Work to be completed: After finding the line with "Transforme su espacio", restate it and each remaining line of the material word for word, omitting every picture.

[Data in this exercise Boundary: Start]

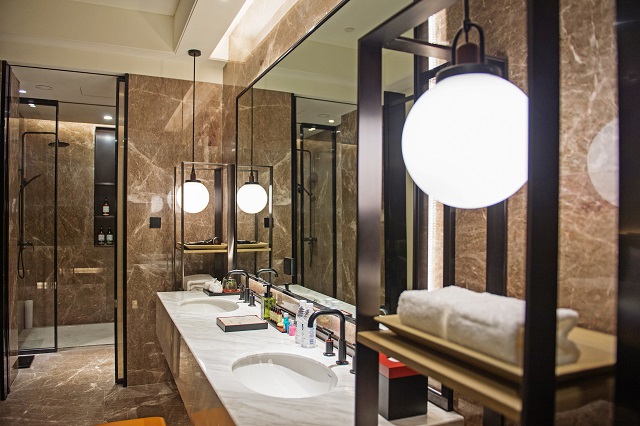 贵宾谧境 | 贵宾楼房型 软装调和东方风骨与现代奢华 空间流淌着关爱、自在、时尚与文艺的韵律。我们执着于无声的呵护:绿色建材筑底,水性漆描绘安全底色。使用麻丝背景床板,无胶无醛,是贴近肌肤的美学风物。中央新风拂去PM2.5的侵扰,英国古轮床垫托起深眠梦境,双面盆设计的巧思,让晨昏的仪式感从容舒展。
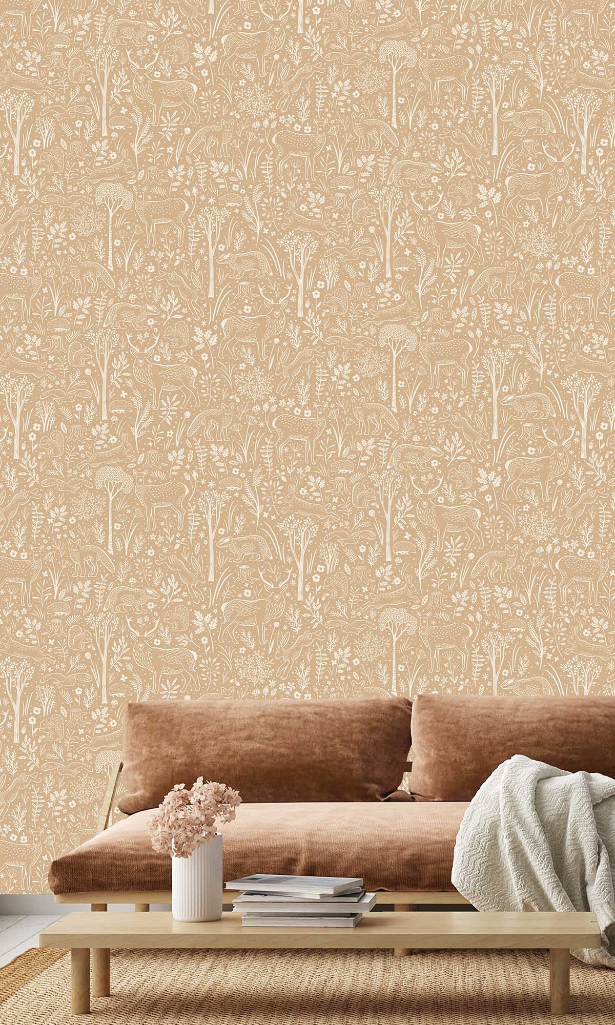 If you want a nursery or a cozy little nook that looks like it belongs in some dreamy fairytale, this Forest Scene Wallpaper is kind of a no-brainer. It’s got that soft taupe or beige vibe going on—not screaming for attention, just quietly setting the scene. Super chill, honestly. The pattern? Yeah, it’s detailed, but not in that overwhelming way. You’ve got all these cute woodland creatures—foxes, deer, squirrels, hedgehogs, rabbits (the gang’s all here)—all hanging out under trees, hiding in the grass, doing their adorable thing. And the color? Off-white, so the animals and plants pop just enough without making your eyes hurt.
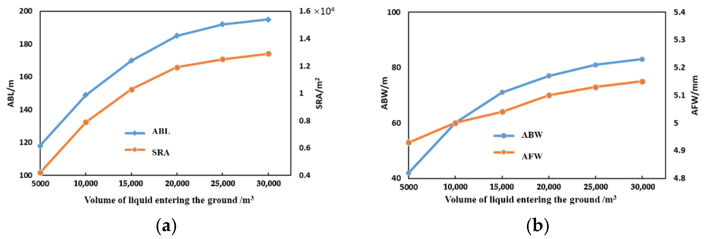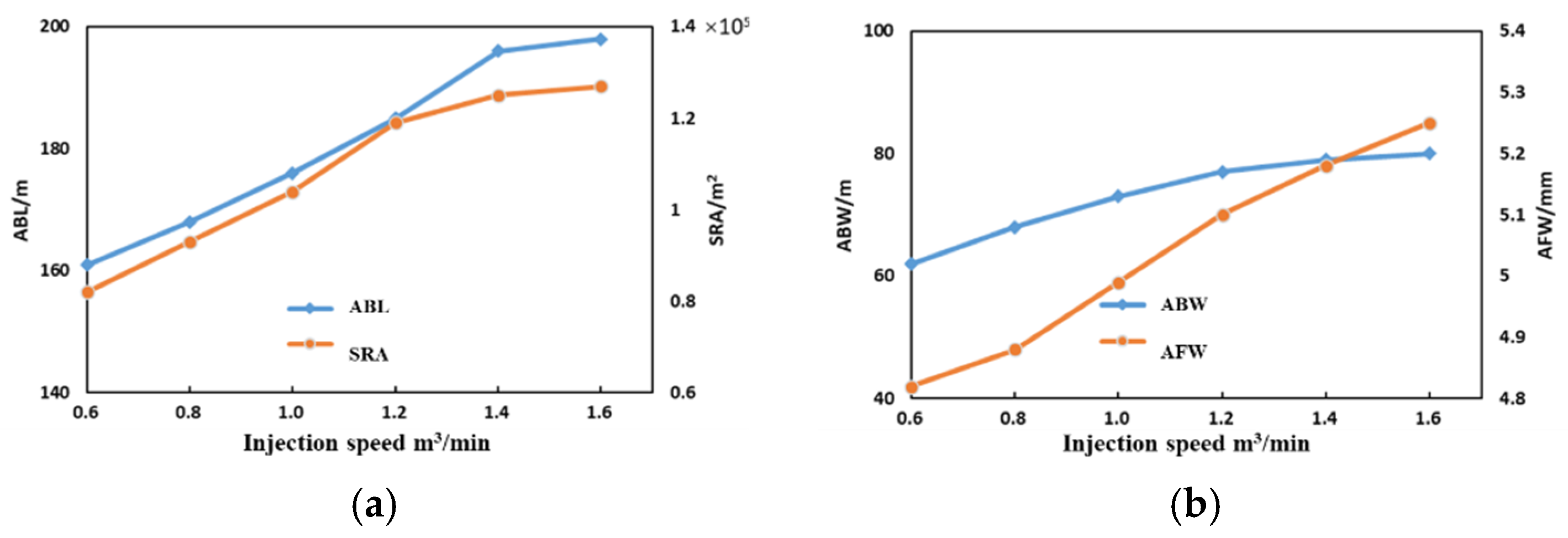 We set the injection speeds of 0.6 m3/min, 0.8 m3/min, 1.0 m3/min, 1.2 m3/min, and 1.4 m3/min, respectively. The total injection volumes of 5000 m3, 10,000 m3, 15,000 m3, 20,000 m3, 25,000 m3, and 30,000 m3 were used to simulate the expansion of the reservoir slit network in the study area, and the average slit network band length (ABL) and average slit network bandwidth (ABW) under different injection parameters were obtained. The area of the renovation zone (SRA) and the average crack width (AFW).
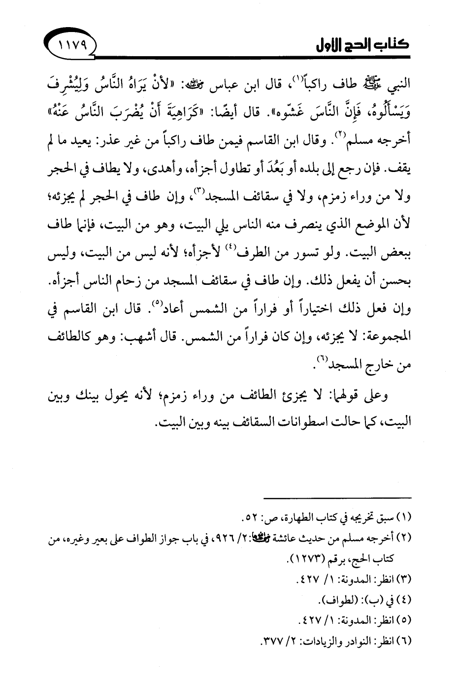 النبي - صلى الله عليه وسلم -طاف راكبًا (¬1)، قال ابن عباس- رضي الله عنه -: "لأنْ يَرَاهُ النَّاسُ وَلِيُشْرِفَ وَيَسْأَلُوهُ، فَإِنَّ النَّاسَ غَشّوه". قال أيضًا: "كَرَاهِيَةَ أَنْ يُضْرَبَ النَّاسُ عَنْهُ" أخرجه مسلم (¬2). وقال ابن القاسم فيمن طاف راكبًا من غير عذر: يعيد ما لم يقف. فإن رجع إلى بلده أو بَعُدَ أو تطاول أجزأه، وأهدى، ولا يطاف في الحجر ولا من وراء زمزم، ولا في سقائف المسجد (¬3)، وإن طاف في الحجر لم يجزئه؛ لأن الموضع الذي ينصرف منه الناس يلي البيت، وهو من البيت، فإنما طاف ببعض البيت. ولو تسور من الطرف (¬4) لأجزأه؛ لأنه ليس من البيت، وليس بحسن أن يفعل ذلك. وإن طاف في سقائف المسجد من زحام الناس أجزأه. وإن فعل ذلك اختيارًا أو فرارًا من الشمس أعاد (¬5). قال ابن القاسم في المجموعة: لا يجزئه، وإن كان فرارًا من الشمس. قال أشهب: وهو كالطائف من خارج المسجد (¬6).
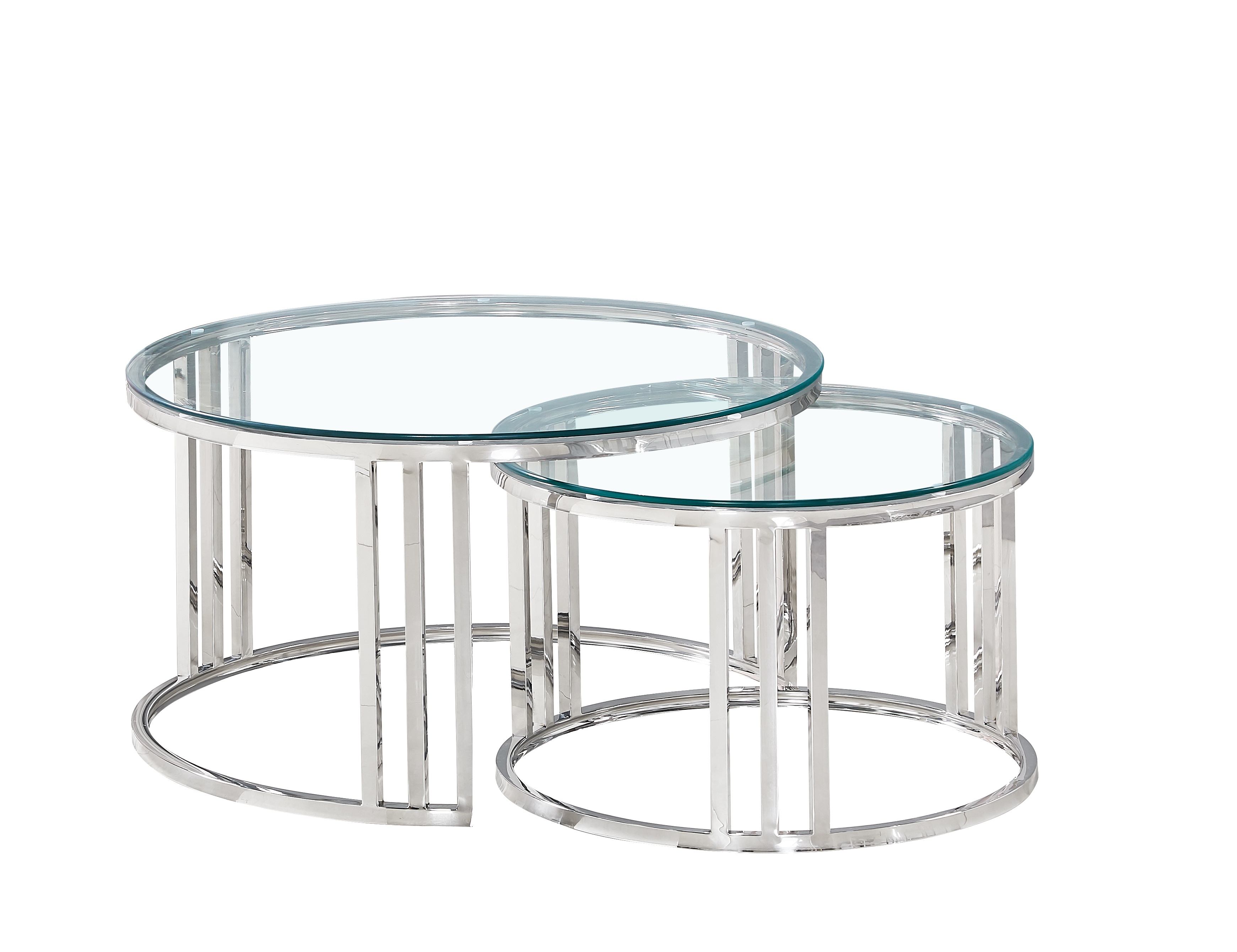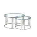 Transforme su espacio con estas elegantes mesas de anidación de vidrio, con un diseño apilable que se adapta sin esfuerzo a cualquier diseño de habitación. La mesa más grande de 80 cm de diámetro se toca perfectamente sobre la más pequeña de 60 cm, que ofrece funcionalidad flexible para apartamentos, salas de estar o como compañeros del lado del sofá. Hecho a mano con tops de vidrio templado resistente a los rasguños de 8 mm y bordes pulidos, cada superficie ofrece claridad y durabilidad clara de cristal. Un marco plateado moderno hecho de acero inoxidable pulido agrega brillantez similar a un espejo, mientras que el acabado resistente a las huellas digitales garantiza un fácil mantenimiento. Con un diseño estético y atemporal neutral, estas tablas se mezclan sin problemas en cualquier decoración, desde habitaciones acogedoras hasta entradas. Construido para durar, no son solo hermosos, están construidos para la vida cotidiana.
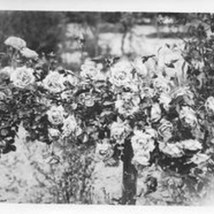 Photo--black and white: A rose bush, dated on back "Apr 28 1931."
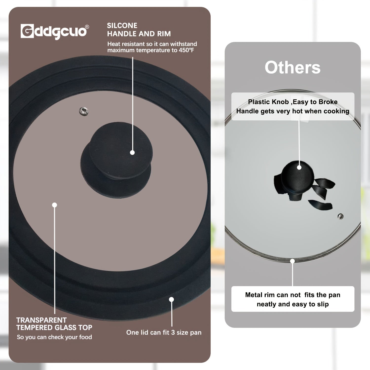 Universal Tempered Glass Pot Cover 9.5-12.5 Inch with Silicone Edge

[Data in this exercise Boundary: End]

Solution to this problem:
 Transforme su espacio con estas elegantes mesas de anidación de vidrio, con un diseño apilable que se adapta sin esfuerzo a cualquier diseño de habitación. La mesa más grande de 80 cm de diámetro se toca perfectamente sobre la más pequeña de 60 cm, que ofrece funcionalidad flexible para apartamentos, salas de estar o como compañeros del lado del sofá. Hecho a mano con tops de vidrio templado resistente a los rasguños de 8 mm y bordes pulidos, cada superficie ofrece claridad y durabilidad clara de cristal. Un marco plateado moderno hecho de acero inoxidable pulido agrega brillantez similar a un espejo, mientras que el acabado resistente a las huellas digitales garantiza un fácil mantenimiento. Con un diseño estético y atemporal neutral, estas tablas se mezclan sin problemas en cualquier decoración, desde habitaciones acogedoras hasta entradas. Construido para durar, no son solo hermosos, están construidos para la vida cotidiana.
 Photo--black and white: A rose bush, dated on back "Apr 28 1931."
 Universal Tempered Glass Pot Cover 9.5-12.5 Inch with Silicone Edge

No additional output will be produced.